__Work instruction__
Only the lines from the first line of the entries through the line with "Keywords: coconut cheesecake" belong in the answer, each restated word for word and without pictures.

__Data supplied__

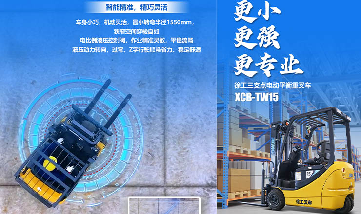 本款車型,是依托徐工集團(tuán)自有核心技術(shù)及零部件,突破傳統(tǒng)設(shè)計(jì)理念,自主研發(fā)的一款擁有綠色節(jié)能、操作靈活、舒適高效特點(diǎn)的三支點(diǎn)蓄電池平衡重式叉車。
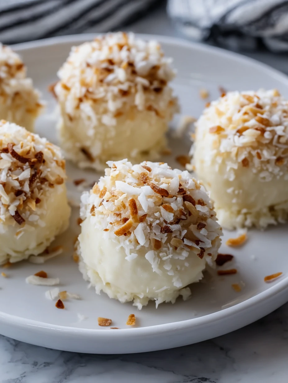 Keywords: coconut cheesecake bites, no-bake dessert, easy cheesecake recipe, coconut dessert, quick party treat
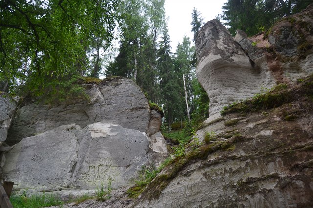 The first stage consists of a continuous, bottom almost vertical 200 m long, about 13 m high, flattened concourse, where the yellowish-white Gauja's sandstone is revealed from a water level up to 6 m high. At the outskirts, there are ductile folds, double sill, black smelter of heavy mineral concentrates, scouring surfaces and clay olives. Above them is a 6 to 7 m high third layer terraced alluvial layer. This part was created by the river Gauja to demolish the third, sandstone-covered terrace of the ancient valley.
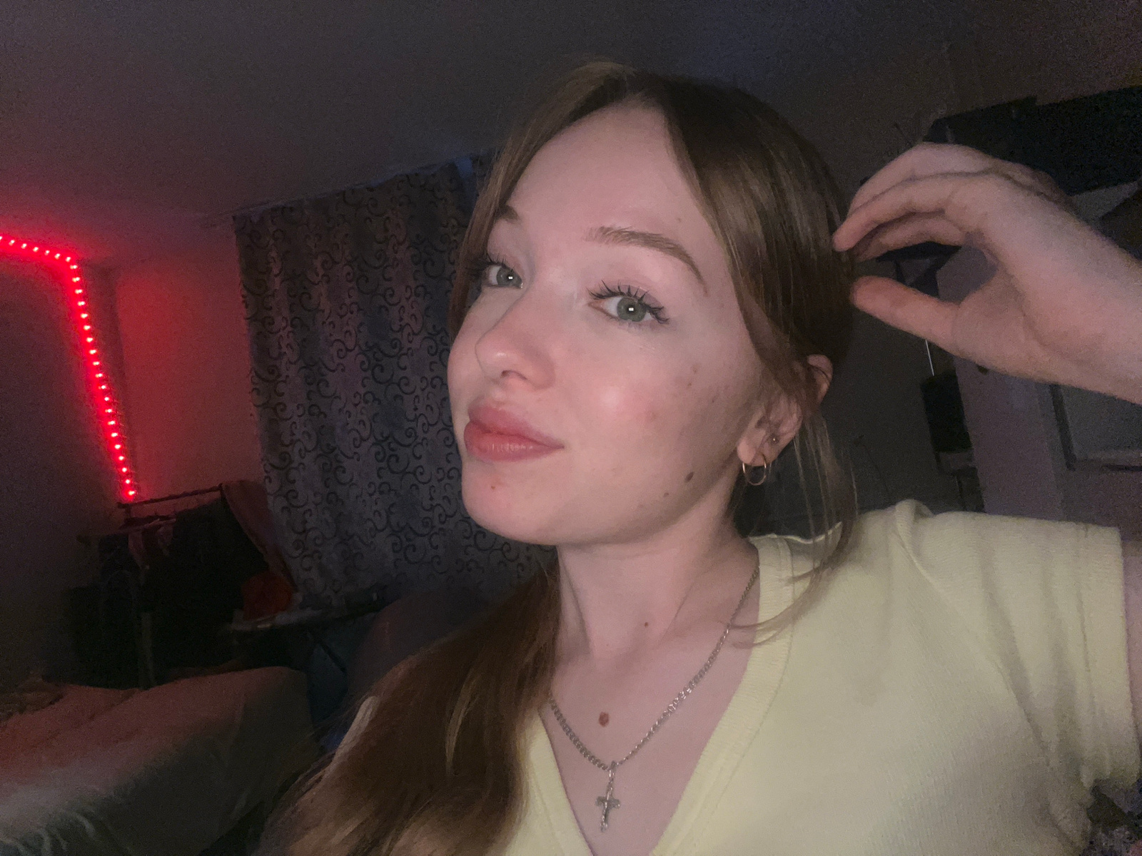 A photograph of a light-skinned female wearing a yellow V-neck shirt and a silver chain with a cross charm, situated indoors. Her face is turned towards the camera; her hair is partially obscuring her…read more
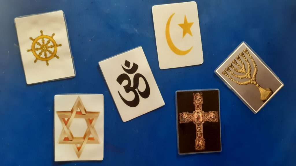 A Cicle Inicial hem introduït l’existència de les diferents religions a través dels símbols, després les cartes ens han ajudat a classificar, aparellar, agrupar, anomenar i, el més important, a fer-nos adonar que el món és molt gran amb persones que pensen, celebren, vesteixen, resen i demanen desitjos molt diferents.
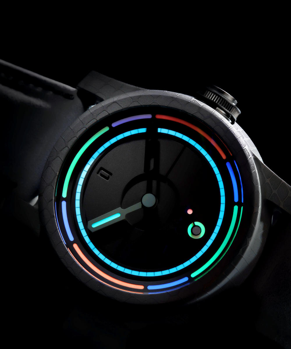 Minimalist yet wildly colourful in the dark, the multi-levelled dial features machined grooves filled with coloured luminescent material with different emissions. Having worked with Black Badger, Schofield likes to play with luminescence to create a more austere face during the day and a “laser show at night”, thanks to Super-LumiNova C3 touches in pink/red with green, blue, purple and orange emissions.
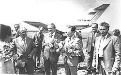 29. května 1979: Jakovlev Jak-40C2 (СССР-88280) letiště Balti (Letiště Bălți-Město). Odjezd vysokých funkcionářů ÚV KSČ: Josefa Lenárta a Miloše Jakeše z Moldavské SSR. V popředí zleva: Ivan Bodiul (druhý zleva), první tajemník ÚV KSČ Moldavska, Jozef Lenárt, tajemník ÚV KSČ Miloš Jakeš a předseda Rady ministrů Moldavské SSR Semjon Grossu na letišti v Baltu.
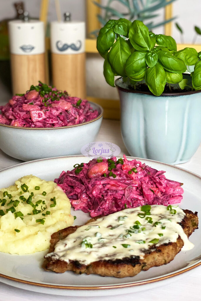 Norint, kad mišrainė būtų gražesnės ir ryškesnės spalvos, rekomenduoju dalį virtų burokėlių supjaustyti smulkiais šiaudeliais, o kitą dalį sutarkuoti burokine tarkele.
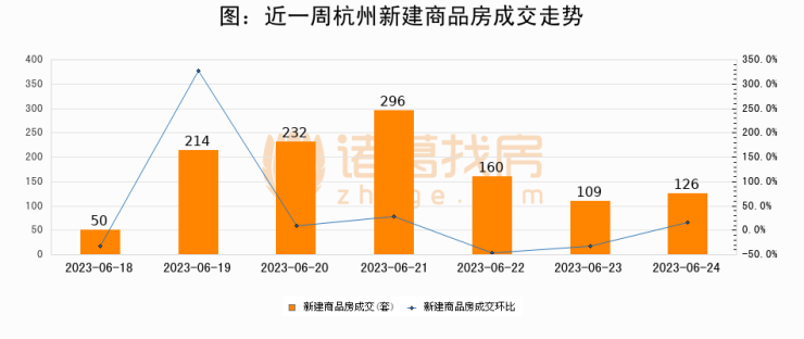 【杭州成交日报】06月24日新房成交126套、二手房142套;涨价房源63套
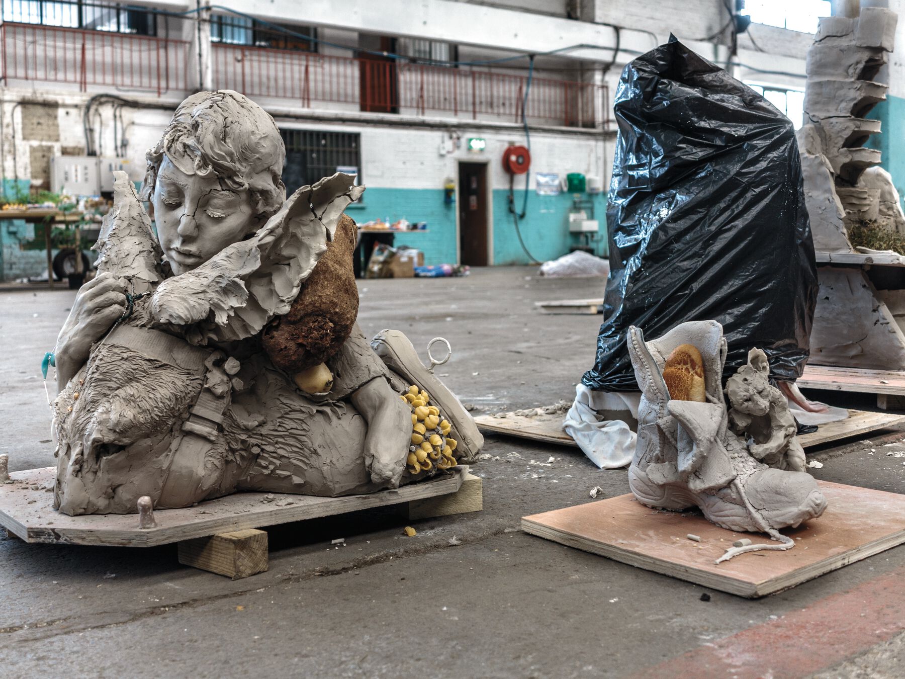 A pair of pliers suddenly disappears and reappears lodged in a sculpture at another station, almost like an act of vandalism, and sparks a new logic in the pieces. The studio enters directly into the final product as metonymy (a tool becomes part of the object, sticking to it like a mushroom on a humid surface). The borders between workstations, supplies, materials, waste, people, and “artwork” blur without disappearing, but stretch in their capacity to offer certainty and order. The situation becomes barely tolerable. The system tries to immunize itself; there is contact and friction; there are attempts to expel the foreign object. Where there is life, there is the struggle for survival, but also cooperation, dialogue, politics. Brick Farm questions, using the discourse of a psychotic person or an analyst. For this intrusive character, the stations become plots of land displaying a twisted agriculture of symbols that, through the living matter, continue with their unpredictable contortions.
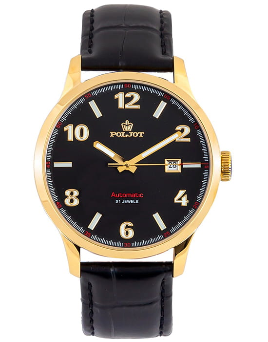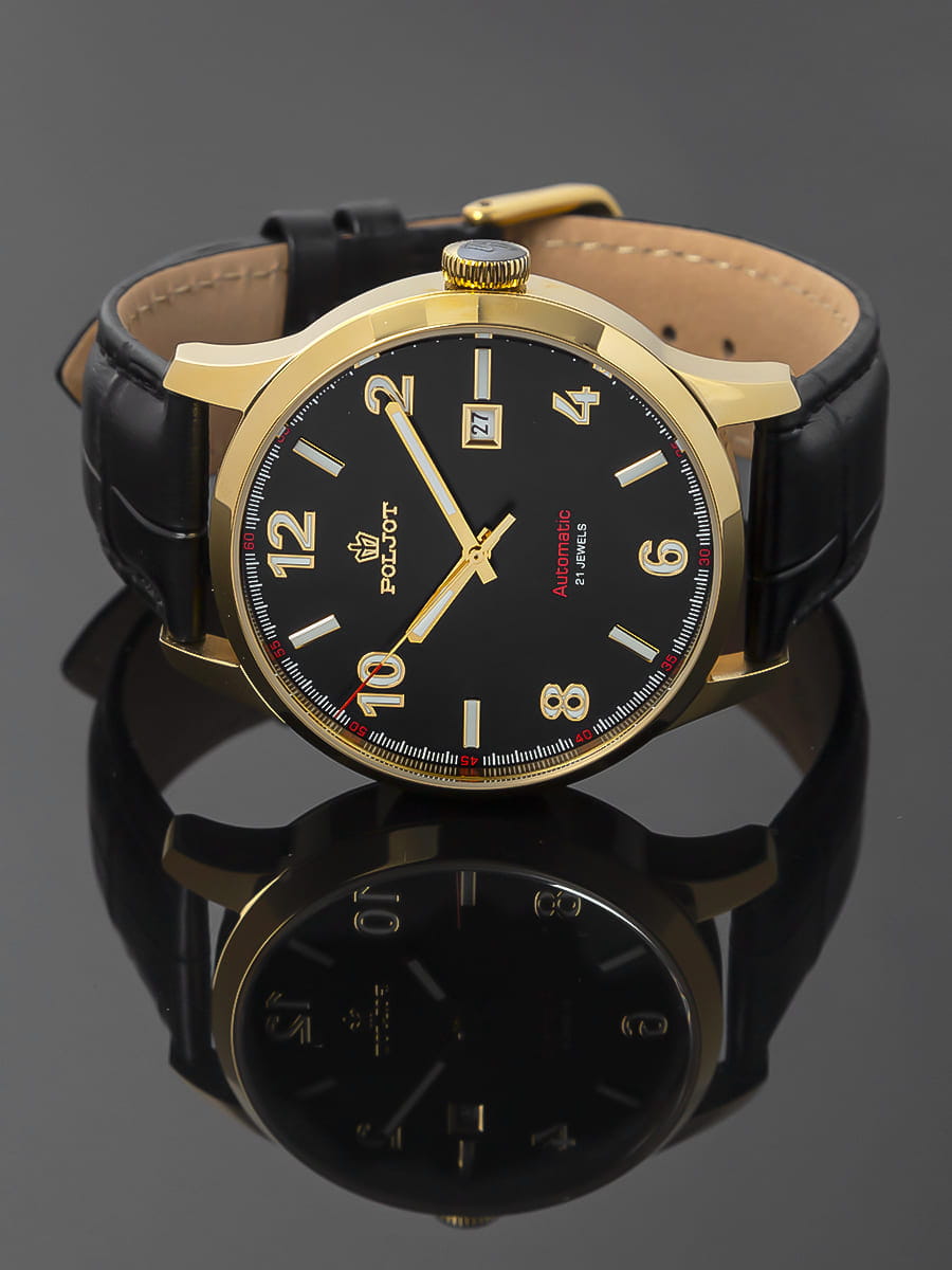 Poljot 8215.906219 — классические механические мужские часы с автоподзаводом, сочетающие сдержанный дизайн и надёжность российского часового производства. Корпус из нержавеющей стали с PVD-покрытиемPVDУльтратонкое покрытие наносится в технике вакуумного напыления, сочетает в себе нитрид титана особой прочности со слоем золота или оксида хрома. Несёт в себе декоративную или защитную функцию. подчёркивает строгость и универсальность модели, а циферблат с крупными арабскими цифрами и аккуратным окном даты на позиции «3 часов» обеспечивает превосходную читаемость. Стрелки и метки с люминесцентным покрытиемЛюминесцентное покрытиеПозволяет считывать показания времени в темноте. Производители наносят на стрелки, часовые индексы, безель или поверхность циферблата светонакопительный состав, дающий холодное свечение.. Механизм с автоподзаводом гарантирует стабильную работу и плавный ход стрелок. Прочное минеральное стеклоМинеральное стеклоМинеральное стекло представляет собой искусственно выращенный минерал кварца. Такое стекло отличается особой устойчивостью к повреждениям и царапинам. Уступает по некоторым качествам сапфировому стеклу. защищает циферблат от царапин, а ремешок из натуральной кожи придаёт часам современное и элегантное звучание. Poljot — это воплощение надёжности, классики и уверенного стиля, созданное для мужчин, предпочитающих традиционную механику и безупречный внешний вид.

__Result for this task__
 本款車型,是依托徐工集團(tuán)自有核心技術(shù)及零部件,突破傳統(tǒng)設(shè)計(jì)理念,自主研發(fā)的一款擁有綠色節(jié)能、操作靈活、舒適高效特點(diǎn)的三支點(diǎn)蓄電池平衡重式叉車。
 Keywords: coconut cheesecake bites, no-bake dessert, easy cheesecake recipe, coconut dessert, quick party treat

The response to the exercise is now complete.